Edward Buckland
- Buckland in 1887

Personal information
- Full name: Edward Hastings Buckland
- Born: 20 June 1864 Laleham, Middlesex, England
- Died: 10 February 1906 (aged 41) Winchester, Hampshire, England
- Batting: Right-handed
- Bowling: Right-arm off break Right-arm underarm fast
- Relations: Francis Buckland (brother)

Domestic team information
- 1884–1887: Oxford University
- 1885: Marylebone Cricket Club
- 1885–1888: Middlesex
- 1895: Hampshire

Career statistics
| Competition | First-class |
| Matches | 48 |
| Runs scored | 1,414 |
| Batting average | 18.12 |
| 100s/50s | 1/6 |
| Top score | 148 |
| Balls bowled | 5,886 |
| Wickets | 110 |
| Bowling average | 19.62 |
| 5 wickets in innings | 8 |
| 10 wickets in match | 1 |
| Best bowling | 7/17 |
| Catches/stumpings | 54/– |
- Source: Cricinfo, 17 February 2010

= Edward Buckland =

English cricketer

Edward Hastings Buckland (20 June 1864 — 10 February 1906) was an English first-class cricketer and educator.

The youngest son of The Reverend Matthew Buckland, he was born at Laleham in June 1864. He was educated at Marlborough College, where he gained a good reputation as a schoolboy cricketer. From there, he matriculated to New College, Oxford, where he studied jurisprudence. As a member of the Oxford University Cricket Club he made his debut in first-class cricket for Oxford against Lancashire at Oxford in 1884. He played first-class cricket for the university until 1887, making 27 appearances. Buckland was largely instrumental in Oxford's 1886 and 1887 victories over Cambridge University in The University Match. Considered an all-rounder, he scored 739 runs at an average of 17.18 for Oxford, with three half centuries and one century; this century, a score of 148 came against Surrey in 1887, which helped Oxford to a victory over their county opponents. As a bowler took 45 wickets Oxford at a bowling average of 20.88; he took three five wicket hauls, with best figures of 7 for 17. His best bowling performance for Oxford arguably came against Cambridge in the 1886 University Match, taking 5 for 14 from 20.1 overs. At Oxford, Buckland also played first-class cricket for a number of other teams. In 1885, he played once for the MCC against Lancashire and played four times for Middlesex in 1885 and once in 1887. He also toured North America with Ned Sanders' personal team, making two first-class appearances on the tour against the Gentlemen of Philadelphia in the winter of 1886. The tour was a success for Buckland, with him taking 21 wickets at an average of 10.14. In 1887, he played twice for the Gentlemen in the Gentlemen v Players fixtures at Lord's and The Oval.

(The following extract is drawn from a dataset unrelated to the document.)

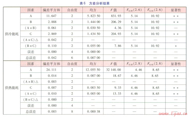 A×C交互作用的偏差平方和最小,作為誤差處理。FA、FB、FC(即A、B、C的F值,其他類似表示意義與此相同)均大于F0.01(2.6),即A、B、C三個因素對供冷能耗的影響為高度顯著。F0.05(2.6)<FB×C<F0.01(2.6),即B×C交互作用顯著;FA×C<F0.05(2.6),即A×C交互作用不顯著。

After graduating from Oxford with a third-class degree, Buckland gained employment in an office in London for a short time. He continued to play first-class cricket after leaving Oxford. He played four further matches for Middlesex in 1888, bringing his total for the county to nine matches. In these, he scored 254 runs and took 27 wickets at an average of 18.51. In 1888, he also played for the Gentlemen of England and an Oxford University Past and Present team against the touring Australians, and for Charles Thornton's personal team against Cambridge University. It was in 1888 that he accepted the post of assistant-master at Winchester College. Before his appointment at Winchester, the college cricket team had performed badly and under Buckland's guidance, its performance greatly improved, with The Times suggesting he may have gained a reputation akin to R. A. H. Mitchell had it not been for his future ill-health. Following the death of The Reverend C. H. Hawkins in 1900, Buckland succeeded him as a housemaster. While teaching at Winchester, he played first-class cricket for Hampshire in the 1895 County Championship, making four appearances in August. These final matches took his total first-class appearances to 48. In these, he scored 1,414 runs at an average of 18.12, while as a bowler he took 110 wickets at a bowling average of 19.62, taking eight five wicket hauls and ten-wickets in a match once. In his final years he suffered from a "long and most trying illness", to which he succumbed to at Winchester in February 1906. His brother, Francis, was also a first-class cricketer.